- Records shown
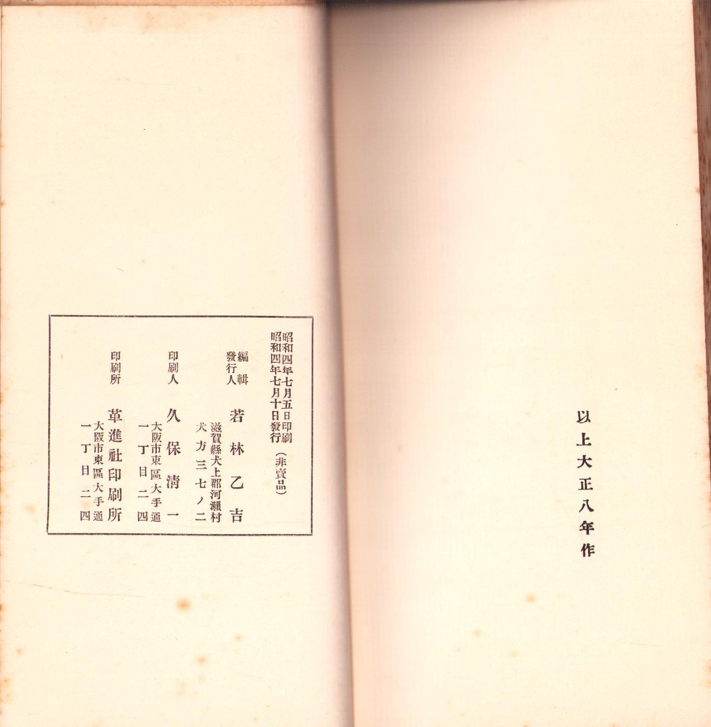 • 出版社 発行人・若林乙吉(滋賀県犬上郡河瀬村)
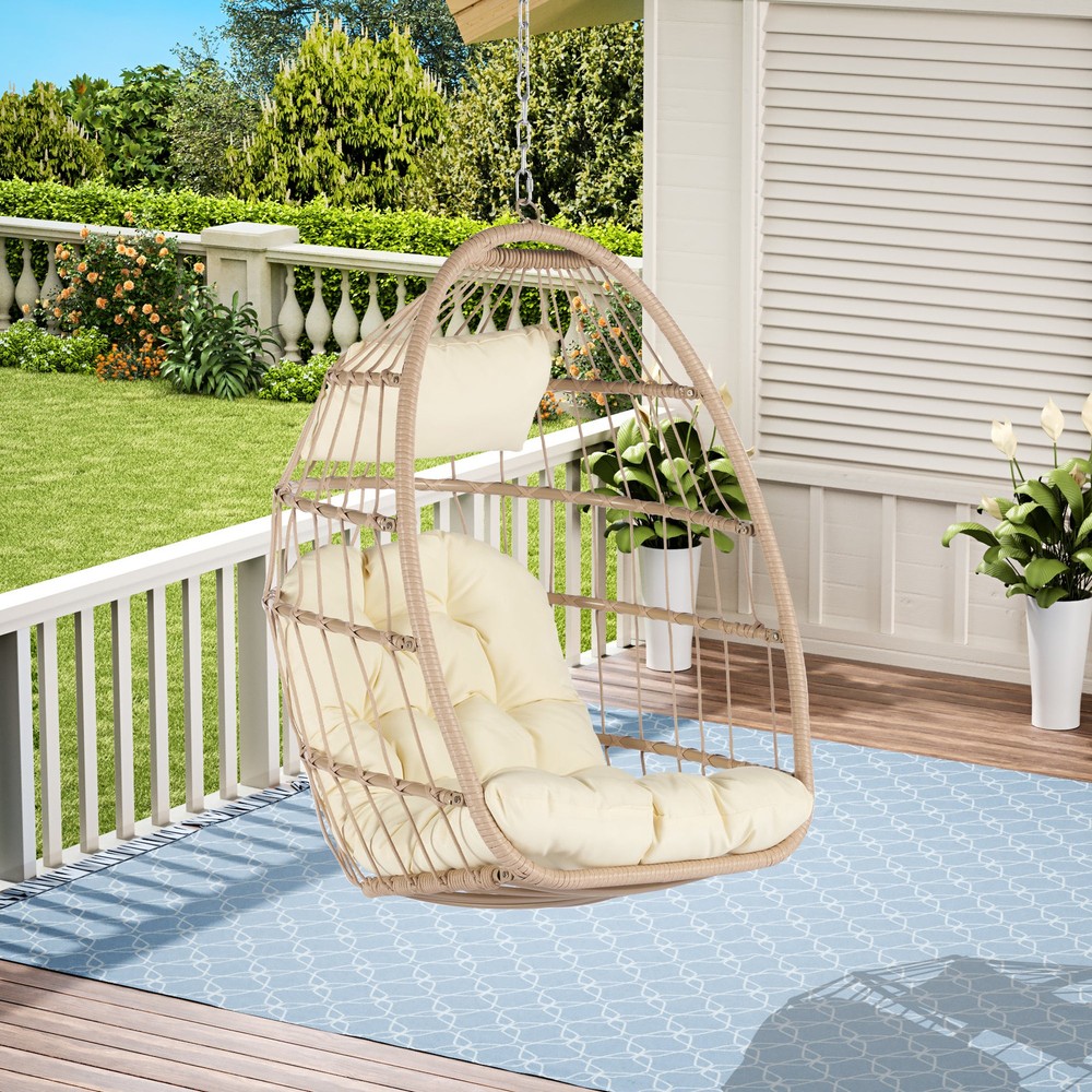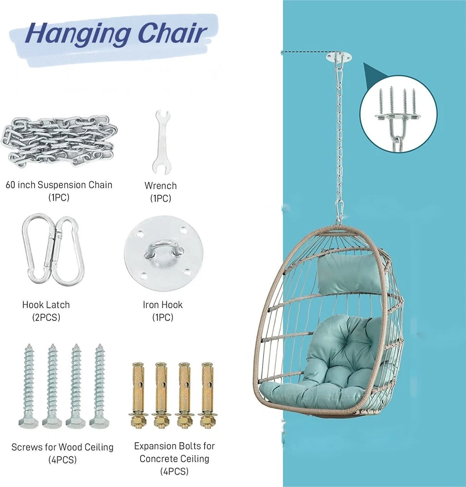 Specifications Place of Origin China Main Color khaki Main Material Rattan Filler Polypropylene Product Style American Design Use Case Garden & Outdoor Outdoor Seating Type Complete Patio Sets Set Design Sectional Cushions Included Yes Frame Durability UV Resistant Frame Cushion Durability Water Resistant Cushion Dangerous Goods #dangerFlag# Dimensions & Weights Assembled Length (in.) 28.70 Assembled Width (in.) 28.50 Assembled Height (in.) 55.60 Weight (lbs) 24.00 Product Features Main Material: Rattan 100% hand woven soft new design Description OUTDOOR PE RATTAN SWING CHAIR HANG CHAIR MODERN DESIGN Application:Outdoor, Hotel, Apartment, Mall, Leisure Facilities, Warehouse, Farmhouse, Courtyard, Wine Cellar, Hall, Home Bar, Basement Product size :28.7*28.5*55.6 IN Cushion colour: beiga Net weight:24lbs Gross weight:26lbs Package size:45.7*29.9*3.9 IN Load: 360lbs Material:Rattan / Wicker Packing:Carton Frame Galvanized steel Cushion Waterproof Fabric Rattan UV Resistent PE Rattan Fabric 180 g Polyester Fe
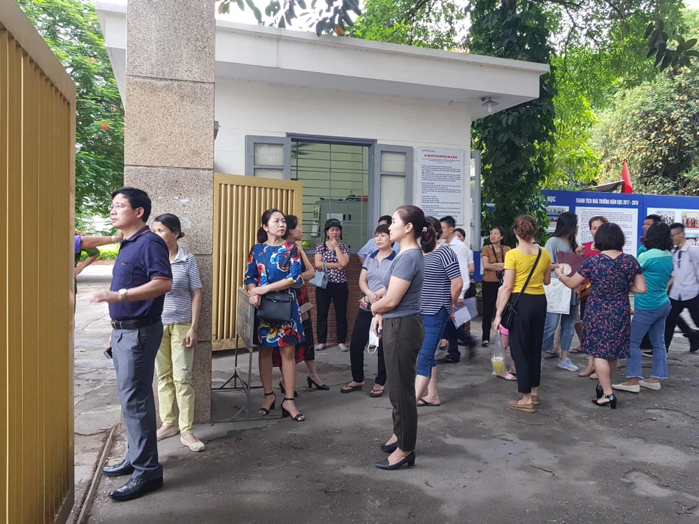 Đúng 14 giờ, toàn bộ thí sinh vào trường làm thủ tục dự thi, nhiều phụ huynh đứng chờ con em mình trước cổng trường. Chị Phạm Thị Ánh (quê Thái Bình) mẹ thí sinh Phạm Văn Đức cho biết đã lặn lội từ Thái Bình lên Hà Nội vào chiều tối qua để kịp hôm sau đưa con đi làm thủ tục dự thi. Chị cho biết sẽ ở lại đưa đón và chăm sóc con đến khi kỳ thi kết thúc.
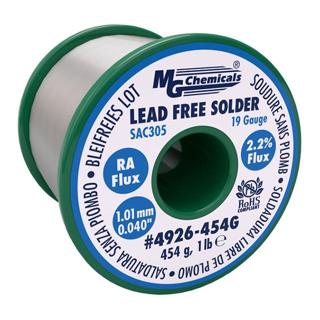 This is manufactured by MG Chemicals. The manufacturer part number is 4926-454G. It is assigned with possible HTSUS value of 8311.30.6000. The product is rohs3 compliant. The product is highly reliable with a long-lasting period of 60 months. It comes in wire solder configuration. It is composed of sn96.5ag3cu0.5 (96.5/3/0.5). It has a melting point of 423 ~ 430°f (217 ~ 221°c). The product is designed as a nice spool, 1 lb (454 g). In addition, it is reach unaffected. Its warranty starts from date of manufacture. It offers storage features at 65°f ~ 80°f (18°c ~ 27°c). The mg chemicals's product offers user-desired applications. Moreover, the product has a wire gauge of 18 awg, 19 swg. Its typical moisture sensitivity level is not applicable. Its diameter is 0.040" (1.02mm). It is a lead free process. The product 4926, is a highly preferred choice for users. It is a rosin activated (ra) flux. In addition, spool is the available packaging type of the product. The product is designated with the ear99 code number.
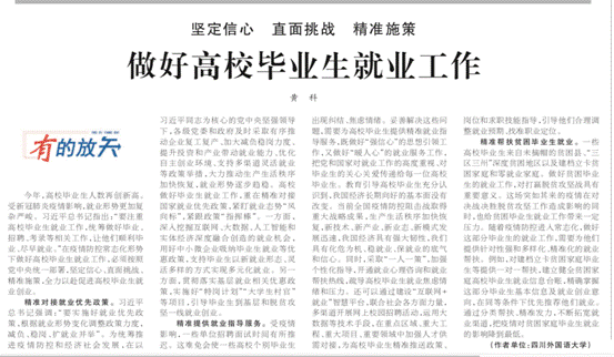 受新冠肺炎疫情冲击影响,今年高校毕业生就业形势较为严峻。疫情发生以来,党中央、国务院高度重视和关心高校毕业生就业工作。5月15日,《人民日报》理论版刊发我院黄科老师文章——《做好高校毕业生就业工作》。文章指出,在疫情防控常态化形势下做好高校毕业生就业工作,必须按照党中央统一部署,坚定信心、直面挑战、精准施策,全力以赴促进高校毕业生就业创业。
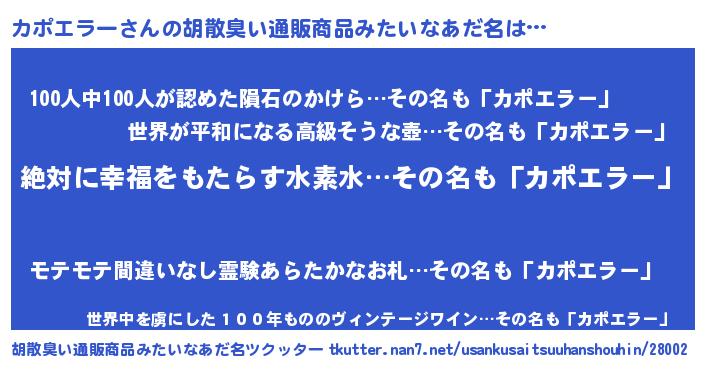 | 男性向けラノベタイトル風あだ名 | 『カポエラーという概念が存在しない退屈な世界 』 |
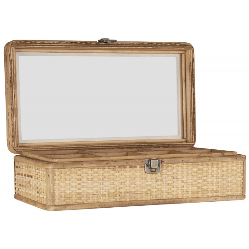 boite a bijoux rotin couvercle verre 16 compartiments ib laursen
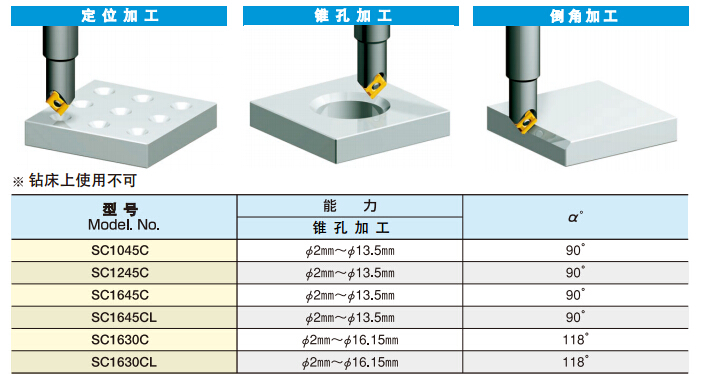 中心鉆兼倒角刀,節(jié)省了工具更換裝置的工序,提高生產(chǎn)效率。

- Work item
Exclude the images and copy every record above exactly.

- Problem solution
 • 出版社 発行人・若林乙吉(滋賀県犬上郡河瀬村)
 Specifications Place of Origin China Main Color khaki Main Material Rattan Filler Polypropylene Product Style American Design Use Case Garden & Outdoor Outdoor Seating Type Complete Patio Sets Set Design Sectional Cushions Included Yes Frame Durability UV Resistant Frame Cushion Durability Water Resistant Cushion Dangerous Goods #dangerFlag# Dimensions & Weights Assembled Length (in.) 28.70 Assembled Width (in.) 28.50 Assembled Height (in.) 55.60 Weight (lbs) 24.00 Product Features Main Material: Rattan 100% hand woven soft new design Description OUTDOOR PE RATTAN SWING CHAIR HANG CHAIR MODERN DESIGN Application:Outdoor, Hotel, Apartment, Mall, Leisure Facilities, Warehouse, Farmhouse, Courtyard, Wine Cellar, Hall, Home Bar, Basement Product size :28.7*28.5*55.6 IN Cushion colour: beiga Net weight:24lbs Gross weight:26lbs Package size:45.7*29.9*3.9 IN Load: 360lbs Material:Rattan / Wicker Packing:Carton Frame Galvanized steel Cushion Waterproof Fabric Rattan UV Resistent PE Rattan Fabric 180 g Polyester Fe
 Đúng 14 giờ, toàn bộ thí sinh vào trường làm thủ tục dự thi, nhiều phụ huynh đứng chờ con em mình trước cổng trường. Chị Phạm Thị Ánh (quê Thái Bình) mẹ thí sinh Phạm Văn Đức cho biết đã lặn lội từ Thái Bình lên Hà Nội vào chiều tối qua để kịp hôm sau đưa con đi làm thủ tục dự thi. Chị cho biết sẽ ở lại đưa đón và chăm sóc con đến khi kỳ thi kết thúc.
 This is manufactured by MG Chemicals. The manufacturer part number is 4926-454G. It is assigned with possible HTSUS value of 8311.30.6000. The product is rohs3 compliant. The product is highly reliable with a long-lasting period of 60 months. It comes in wire solder configuration. It is composed of sn96.5ag3cu0.5 (96.5/3/0.5). It has a melting point of 423 ~ 430°f (217 ~ 221°c). The product is designed as a nice spool, 1 lb (454 g). In addition, it is reach unaffected. Its warranty starts from date of manufacture. It offers storage features at 65°f ~ 80°f (18°c ~ 27°c). The mg chemicals's product offers user-desired applications. Moreover, the product has a wire gauge of 18 awg, 19 swg. Its typical moisture sensitivity level is not applicable. Its diameter is 0.040" (1.02mm). It is a lead free process. The product 4926, is a highly preferred choice for users. It is a rosin activated (ra) flux. In addition, spool is the available packaging type of the product. The product is designated with the ear99 code number.
 受新冠肺炎疫情冲击影响,今年高校毕业生就业形势较为严峻。疫情发生以来,党中央、国务院高度重视和关心高校毕业生就业工作。5月15日,《人民日报》理论版刊发我院黄科老师文章——《做好高校毕业生就业工作》。文章指出,在疫情防控常态化形势下做好高校毕业生就业工作,必须按照党中央统一部署,坚定信心、直面挑战、精准施策,全力以赴促进高校毕业生就业创业。
 | 男性向けラノベタイトル風あだ名 | 『カポエラーという概念が存在しない退屈な世界 』 |
 boite a bijoux rotin couvercle verre 16 compartiments ib laursen
 中心鉆兼倒角刀,節(jié)省了工具更換裝置的工序,提高生產(chǎn)效率。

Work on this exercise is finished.